PR Support for reading TIMESTAMP WITH LOCAL TIME ZONE in Hive connector #13595 that adds support for TIMESTAMP WITH TIME ZONE to Hive connector

Documentation

(I think no documentation is needed)

( ) No documentation is needed.
( ) Sufficient documentation is included in this PR.
( ) Documentation PR is available with #prnumber.
( ) Documentation issue #issuenumber is filed, and can be handled later.

Release notes

( ) No release notes entries required.
( ) Release notes entries required with the following suggested text:

# Section
* Support for TIMESTAMP WITH TIME ZONE with nanosecond precision in Parquet

findepi · 2022-08-10T11:25:49Z

What is the end-user visible effect of these changes?

zielmicha · 2022-08-10T11:33:42Z

What is the end-user visible effect of these changes?

It's now possible to read Parquet files that use NANOS format (link to spec) with columns of type TIMESTAMP WITH TIME ZONE. Previously Trino simply raised exception when attempting to query them.

I have only tested this on Hive connector (with #13595), but this presumably applies to Iceberg and Delta Lake, which already have support for TIMESTAMP WITH TIME ZONE.

findepi · 2022-08-10T14:57:38Z

@zielmicha thanks for explaining. What's the schema of the attached parquet file?

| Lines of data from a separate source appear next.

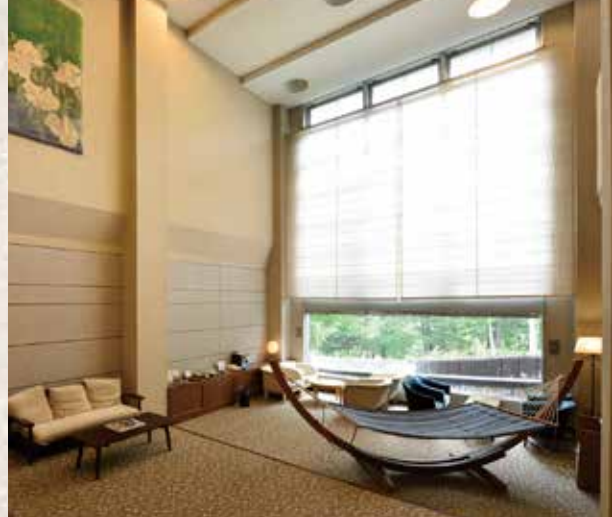
吹き抜けロビーにはハンモックが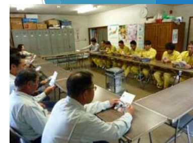
安全衛生大会の開催状況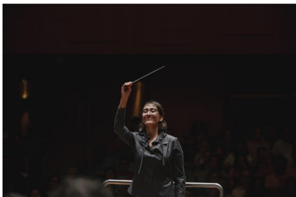
Laboratório de Regência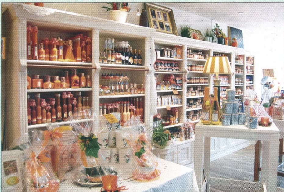
Im Sanddorn-Stübchen lässt sich prächtig einkaufen.

Zum gelungenen Neubau gratuliert das Götting-Team!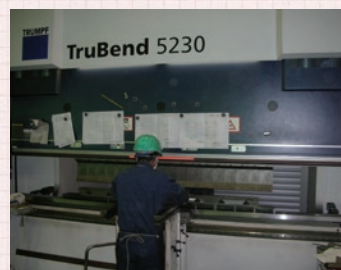
曲げ角度を計測できる角度センサー付き・ドイツ製の機械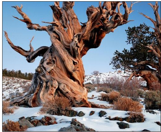
Bristlecone Pine 'Metusalem', 4.841 jaar oud, in de White Mountains, Californië

Kleve, zomer 1999 Tjerk Miedema miedematj@aol.com

zielmicha · 2022-08-10T15:03:41Z

I'm not sure what's the best way to get Parquet schema, but:

import pyarrow.parquet as pq
pq.read_table('issue-5483-nanos.parquet').schema

prints

created: timestamp[ns]

findepi · 2022-08-10T15:06:45Z

$ parquet meta plugin/trino-hive/src/test/resources/issue-5483-nanos.parquet

File path:  plugin/trino-hive/src/test/resources/issue-5483-nanos.parquet
Created by: parquet-cpp-arrow version 5.0.0
Properties: (none)
Schema:
message schema {
  optional int64 created (TIMESTAMP(NANOS,false));
}


Row group 0:  count: 1  96.00 B records  start: 4  total(compressed): 96 B total(uncompressed):92 B
--------------------------------------------------------------------------------
         type      encodings count     avg size   nulls   min / max
created  INT64     S _ R     1         96.00 B    0       "2020-10-12T16:26:02.90666..." / "2020-10-12T16:26:02.90666..."

skrzypo987

The PR name is sort of misleading, as the TIMESTAMP WITH TIME ZONE is the Tirno type, not Parquet.
Try something like "Support read of Parquet nanosecond timestamp column into TIMESTAMP WITH TIME ZONE Trino type"

plugin/trino-hive/src/test/java/io/trino/plugin/hive/parquet/TestTimestampPrecision.java

zielmicha · 2022-08-25T20:32:25Z

@raunaqmorarka can you take a look? If I'm not mistaken @skrzypo987 has requested your review.

zielmicha · 2022-09-02T10:25:43Z

@raunaqmorarka will you have time to review this PR? Let me know if I should find another reviewer.

raunaqmorarka · 2022-09-02T10:32:52Z

@raunaqmorarka will you have time to review this PR? Let me know if I should find another reviewer.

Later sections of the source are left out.